- [Activity]: Retype exactly the lines of the listing below from the one with "Production name ::KISS" through the last, both included, and leave every picture out.

- [Provided material]:
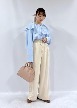 大人の女性も着やすい程よい甘さのラッフルカラーブラウスです♪
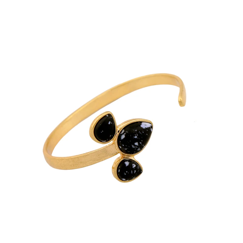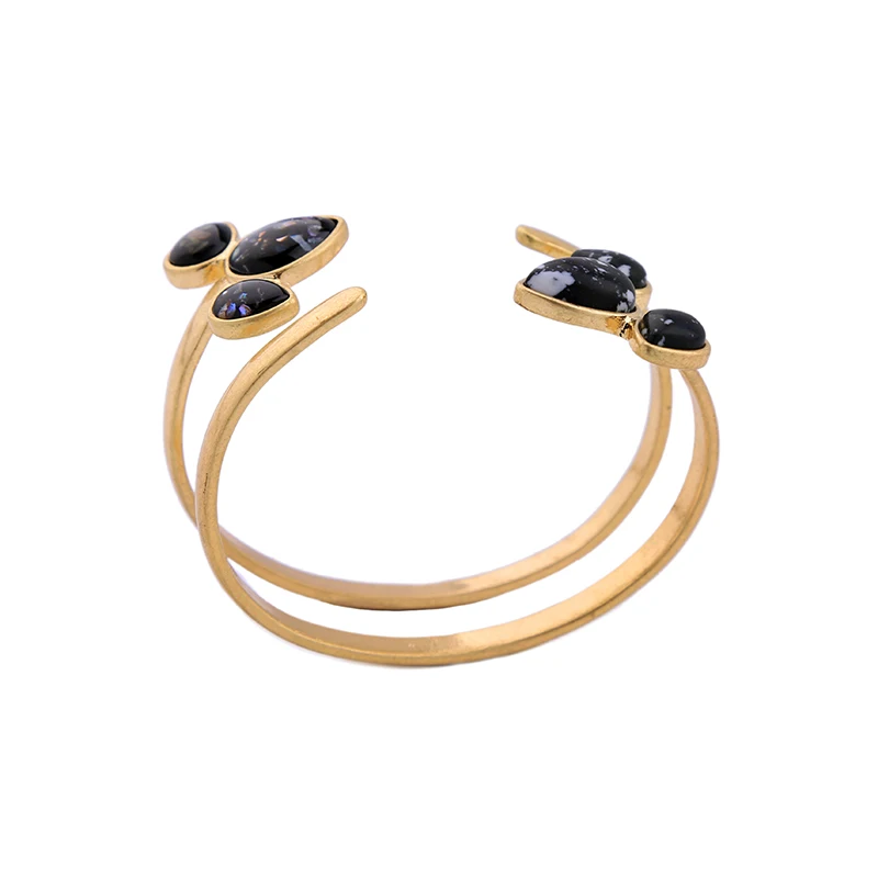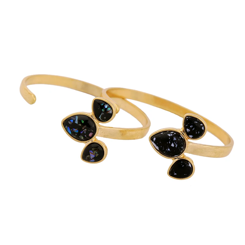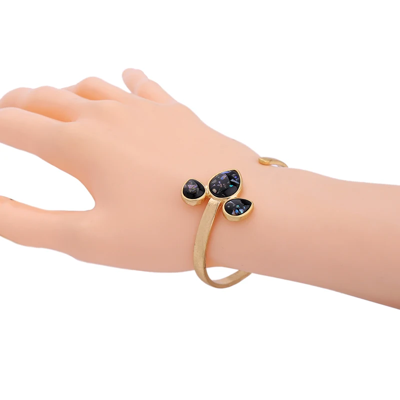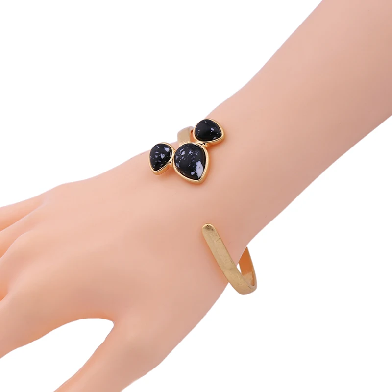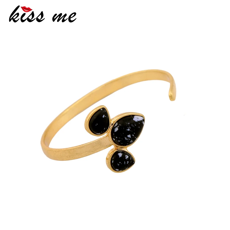 Production name ::KISS ME Design Gold Color Alloy Synthetic Stone Geometric Cuff Bracel
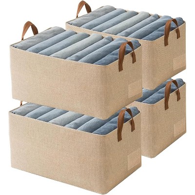 Aoibox Large Foldable Fabric Storage Bins with Lids 26L Sturdy Closet Boxes 3 PU Handles Labels Grey Black 3 Pack

- [Exercise response]:
 Production name ::KISS ME Design Gold Color Alloy Synthetic Stone Geometric Cuff Bracel
 Aoibox Large Foldable Fabric Storage Bins with Lids 26L Sturdy Closet Boxes 3 PU Handles Labels Grey Black 3 Pack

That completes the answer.